President Trump’s tweet on Dec. 29, 2017 demonstrates the fallacy of cherry picking:
In the East, it could be the COLDEST New Year’s Eve on record. Perhaps we could use a little bit of that good old Global Warming that our Country, but not other countries, was going to pay TRILLIONS OF DOLLARS to protect against. Bundle up!— Donald J. Trump (@realDonaldTrump) December 29, 2017
Strictly speaking, “East” is problematic as a location. The “East” isn’t actually a place in the United States (i.e., some cities, like Boston and New York and definitely part of the East, but cities like Atlanta or Pittsburgh are more marginal). It was also unlikely when Trump tweeted this message that every location in “the East” would have its coldest ever recorded year (and after the fact, we know this was not the case; in Boston, e.g., it got as cold as 3 degress (F) on New Year’s Eve, failing to match the record of -8 degrees of 1917). It’s also not clear what he is referring to when he says that the U.S., but not other countries, “was going to pay TRILLIONS OF DOLLARS to protect against.”

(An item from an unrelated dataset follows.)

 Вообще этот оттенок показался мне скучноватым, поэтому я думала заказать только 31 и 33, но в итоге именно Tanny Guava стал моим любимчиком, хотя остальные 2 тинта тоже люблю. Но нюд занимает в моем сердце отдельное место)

More to the point for cherry picking, though, is Trump’s implication that cold temperatures during the winter refute the reality of global warming. It was indeed very cold the day Trump tweet. According to historical data on wunderground.com, in Boston, the mean temperature on Dec. 29 was 23 degrees colder than the day’s historical average. In Washington, DC, Dec. 29, 2017 was nearly 13 degrees colder than average. But ten days earlier on Dec. 19, Boston was 9 degrees warmer than average. Boston was also 9 degrees warmer than average one month earlier on Nov. 29. Washington, DC--where Trump would be well positioned to enjoy unseasonably warm weather--was 16 degrees warmer than average on Dec. 23, 13 degrees warmer on Dec. 19, and 11 degrees warmer on both Dec. 5 and Nov. 29.

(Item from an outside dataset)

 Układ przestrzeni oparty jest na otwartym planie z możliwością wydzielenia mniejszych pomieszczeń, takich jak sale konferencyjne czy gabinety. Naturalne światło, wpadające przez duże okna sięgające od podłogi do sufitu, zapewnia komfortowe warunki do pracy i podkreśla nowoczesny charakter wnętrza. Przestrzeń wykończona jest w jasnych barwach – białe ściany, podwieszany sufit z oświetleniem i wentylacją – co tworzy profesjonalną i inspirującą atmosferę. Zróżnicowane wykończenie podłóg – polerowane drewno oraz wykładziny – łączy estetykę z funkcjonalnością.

Trump can only validly claim that a single period of cold as evidence against global warming if he also admits a single period of warmth as evidence in favor of global warming. So, in Washington, DC, the week of Dec. 18-24 was unseasonably warm. If Trump were arguing fairly, he would’ve tweeted:
Global warming is making things hot for Santa. The U.S. should spend TRILLIONS OF DOLLARS to fix this! #DreamingOfaWhiteChristmas
Of course, no such tweet came from @realDonaldTrump. Trump is not actually weighing all information regarding global warming, but rather selectively tweeting cherry-picked evidence that supports conclusions he seeks. His evidence is cherry-picked, so his reasoning is invalid.

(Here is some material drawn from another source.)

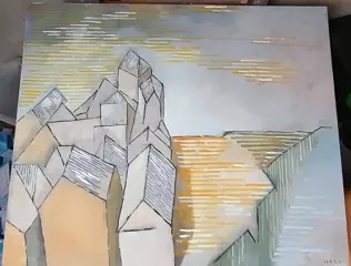 Dit schilderwerk is geschilderd op doek , dat is voor behandeld met Gesso waarna een eerste laag gebroken wit gemengdolieverf , en daarna mijn schilderwerk voorstel ( zie schetsen ) daar op aangebracht Het is ontstaan door 2 aspecten, ten eerste ben ik op bezoek geweest in Frankrijk in het plaatsje Chinon, als je daar naar boven wandelt, krijg je een prachtig uitzicht over de daken van het plaatsje.( zie foto ), ten tweede ,op de academie kreeg ik de opdracht om een schilderwerk te maken Thema "minimalisme", en dit leek mij een goed voorbeeld om de daken te bestuderen , of hier iets mee te doen was. Bij het foto en schetsmateriaal kun je zien hoe ik tot dit werk ben gekomen. Hier heb ik prima mee gescoord en is ook nog naar mijn oordeel een spannend geheel geworden.

For argumentation purposes, it’s crucial to understand that dismissing Trump’s tweet as cherry picking does not inform debates about the reality of global warming. That’s a matter of climate science. But to understand and interpret the findings of climate science, we need to admit evidence in a valid and honest way. We must consider evidence objectively, and not in a manner that intentionally reaches a conclusion we’ve reached beforehand.